Bupa ultimately fired the employee and pressed charges against him. An arrest warrant was later issued against the employee. The number of policies the employee had managed to sell was not determined as AlphaBay was shut down before such details could be uncovered.

ICO imposed the fine on Bupa after its investigations, led by ICO’s Director of Investigations Steve Eckersley, revealed that Bupa had failed to protect the personal data of its clients adequately. According to Eckersley, Bupa’s data storage had systematic vulnerabilities that were not watched for carefully. According to ICO, Bupa did not give a good reason for its failure to properly secure clients’ sensitive information.

Bupa’s failure to adequately secure clients’ data left over 1.5 million policy records at risk of exposure. The vulnerabilities in Bupa’s system made it possible for the client to easily transfer records without raising any alarms. The initial breach resulted in 198 complaints by clients to both Bupa and ICO.

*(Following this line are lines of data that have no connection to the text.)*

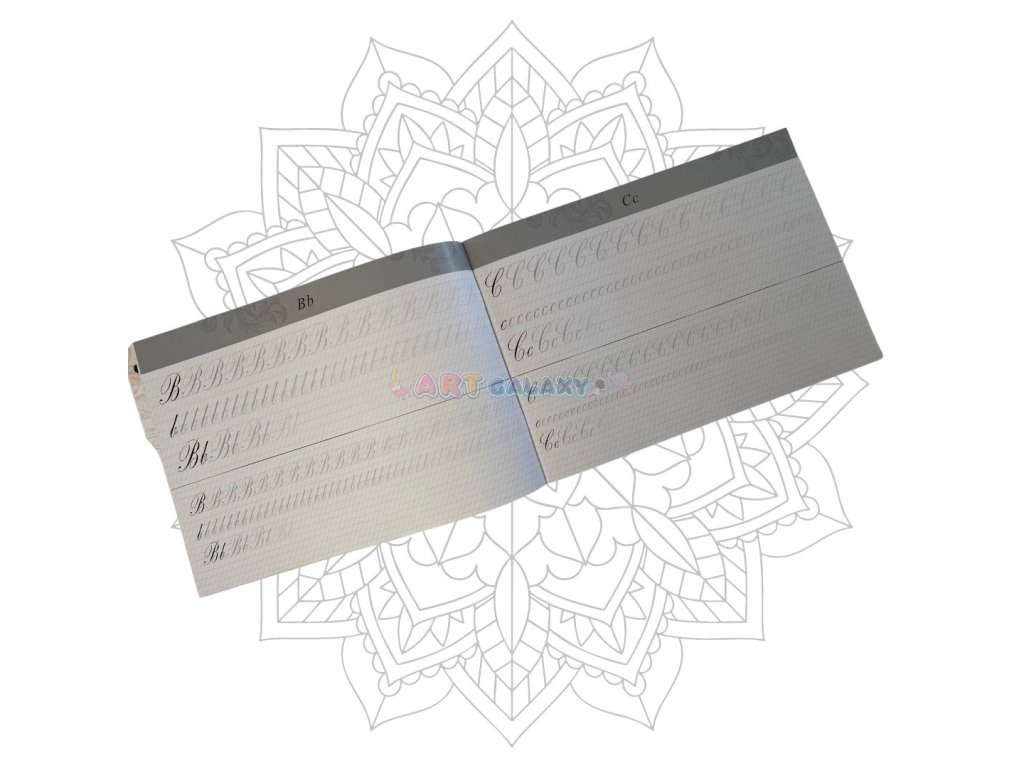 - sešit obsahuje: základní písmo pro kaligrafii, abeceda ve dvou velikostech, předtištěná písmena k procvičování, návody na psaní včetně nácviku základních tahů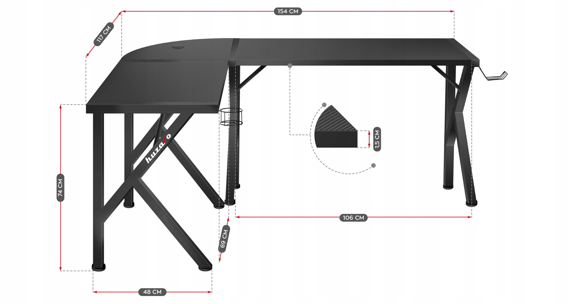 ІГРОВИЙ СТІЛ КОМП'ЮТЕРНИЙ КУТОВИЙ ПРОГРАВНИК HUZARO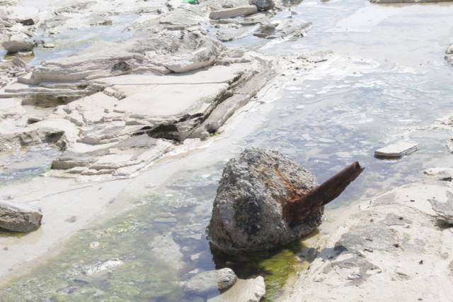 На дворе апрель, до купального сезона осталось два месяца, но пляж остался в прежнем состоянии. С него не вывезены ни крупный мусор в виде бетонных блоков и давно отслужившее свое металлическое сооружение, но и сухой камыш, который еще два месяца назад работники коммунальных служб собрали и сложили в кучу.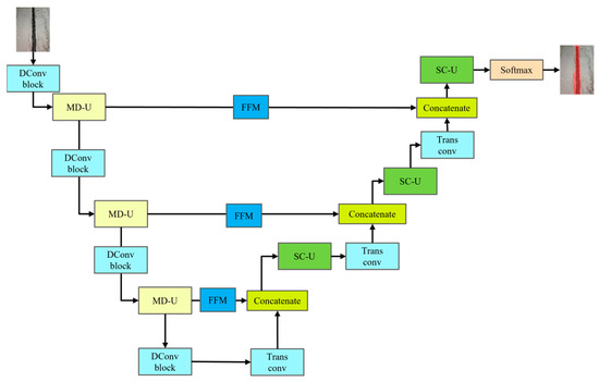 The overall framework of PipeU-NetX for the pipe gallery disease detection network is shown in Figure 1. The MD-U down-sampling module was designed in the model, which combined the maxpooling layer with the convolution layer to effectively realize the spatial dimension reduction and information aggregation of features. At the same time, the SC-U up-sampling module was designed. By combining the up-sampling layer and convolution layer, the fine recovery and detail enhancement of the feature map were realized. The dynamic convolution technology was introduced into the subsampling module SC-U, which not only enhanced the feature extraction ability of the network model but also significantly reduced the computational cost. The embedding of the convolution layer effectively made up for the loss of feature information that may be caused by the lack of trainability of the traditional maxpooling layer and up-sampling layer so as to improve the feature fidelity in the sampling process and significantly improve the segmentation accuracy of pipe gallery diseases [12,13]. Finally, the hopping connection part of the decoder was improved, the hopping connection enhancement mechanism was adopted, and the FFM feature fusion module was introduced to enhance the attention of the model to the characteristics of pipe gallery disease in different feature maps, optimize the efficiency and accuracy of feature fusion, and improve the accuracy and efficiency of the reconstructed image of the decoder.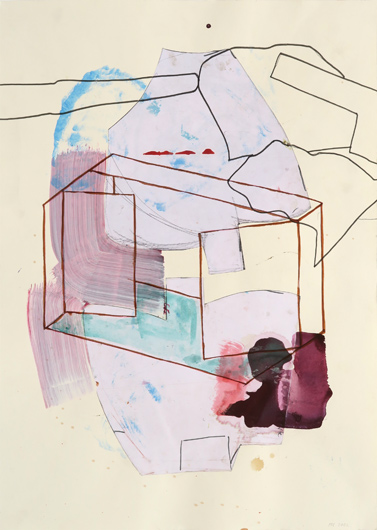 Wie sie die offene Ebene a, 2022, Acryl, Aquarell, Bleistift, Farbstift, Tusche, Papier auf Papier, 70 x 50 cm

Since the breach took place in 2017 Bupa was fined as per the provisions of the Data Protection Act 1998. Had the breached occurred after the General Data Protection and Regulation Act 2018 passed, the punishment may have been more severe.

A statement released by Bupa showed that the firm had accepted the imposed fine and that it had fully cooperated with ICO during the investigation. The firm also claimed to have put in place additional measures to ensure their customers’ data would remain protected against future attacks.

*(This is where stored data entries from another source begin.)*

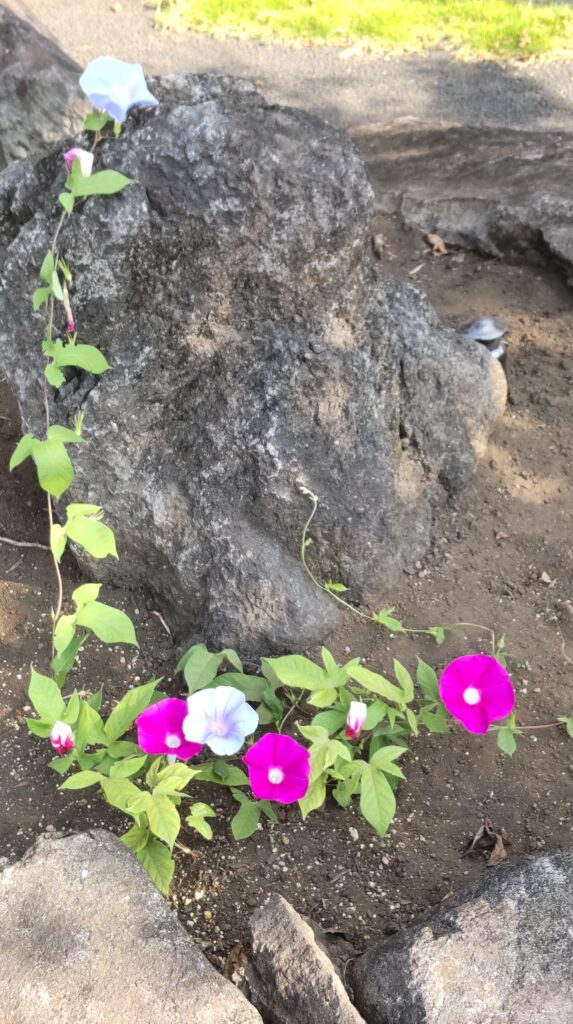 志保の花壇の朝顔ですが、なんと本日は5輪もの花が咲いていましたよ!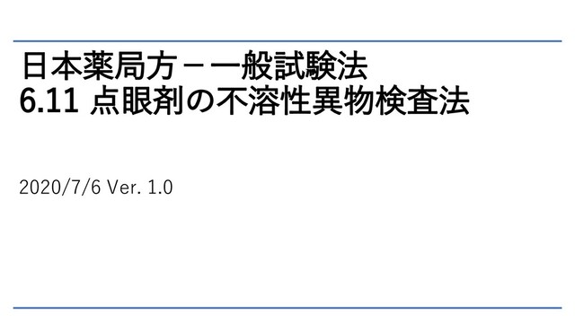 日本薬局方-一般試験法 6.11 点眼剤の不溶性異物検査法 2020/7/6 Ver. 1.0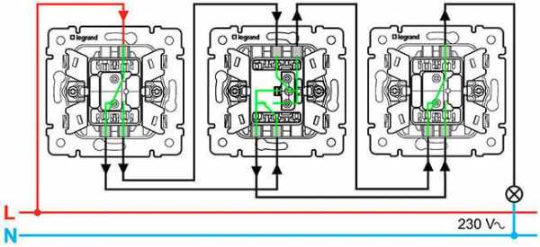 Бывают случаи, когда возникает необходимость во включении света в помещении не с одного или двух мест, а с трех, четырех и более. Для реализации такой схемы производители изготавливают промежуточные выключатели (переключатели). Пример схемы управления с трех мест показан на рисунке 7.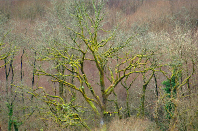 The moss on the branches of this tree in Tipi Valley reflected the light.

ICO also fined Yahoo! UK £250,000 in May in relation to the 2014 data breach. The breach compromised 500 million Yahoo users. Yahoo only made the breach public in 2016 approximately two years later. ICO imposed the fine on Yahoo while focusing on 515,121 accounts that belonged to UK users.

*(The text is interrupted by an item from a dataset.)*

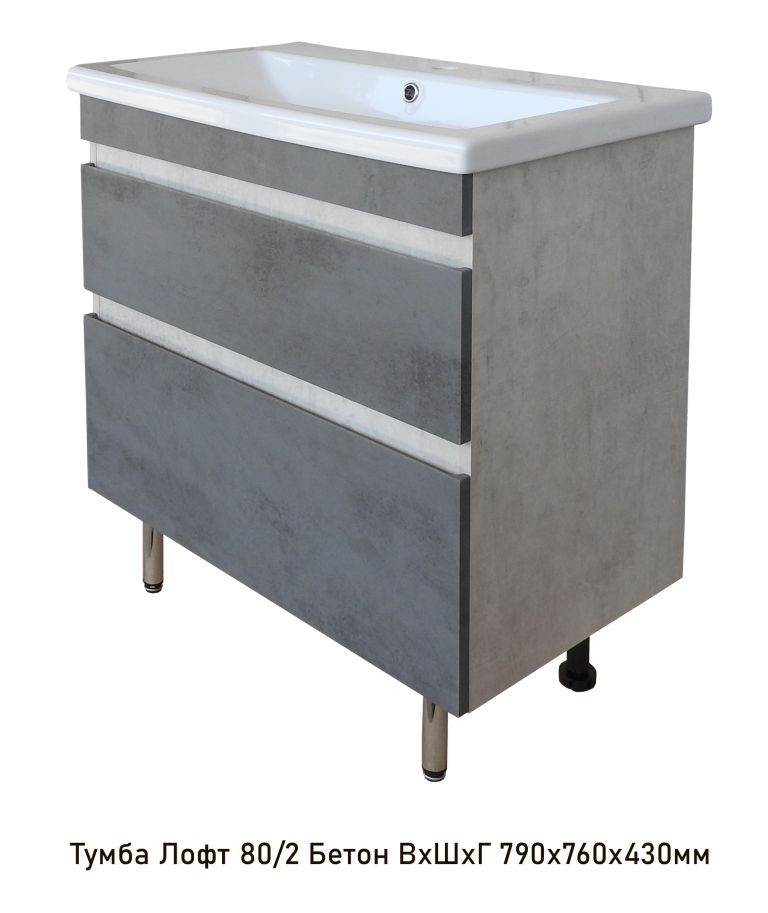 Тумба 800/2 Лофт (бетон) +умывальник Como 80/Fest 80

  1. “insurance information from 1,222 countries for sale” — That some feat he has managed.

  2. Why did he send to his own email addres? omg.. he could of easily used a burner address or address of a friend of a friend of a friend of a friend

    • If you pay close attention to the big busts, this is how most people get caught. Initially (or permanently) using their personal email addresses. For anyone interested in continuing the cat-and-mouse game, this is a note worth taking. Can’t wait to see what this kind of cybercrime looks like in 2030. Hopefully, lessons will have been learned on both sides and the ecosystem of fraud and LE will evolve beyond anything we can currently dream of. Or people will remain stupid and commit crimes as if they were 12-year old kids. Either way, keep the popcorn flowing. :D

  3. A cat and mouse game in which people are the cheese?
    How to better secure health data?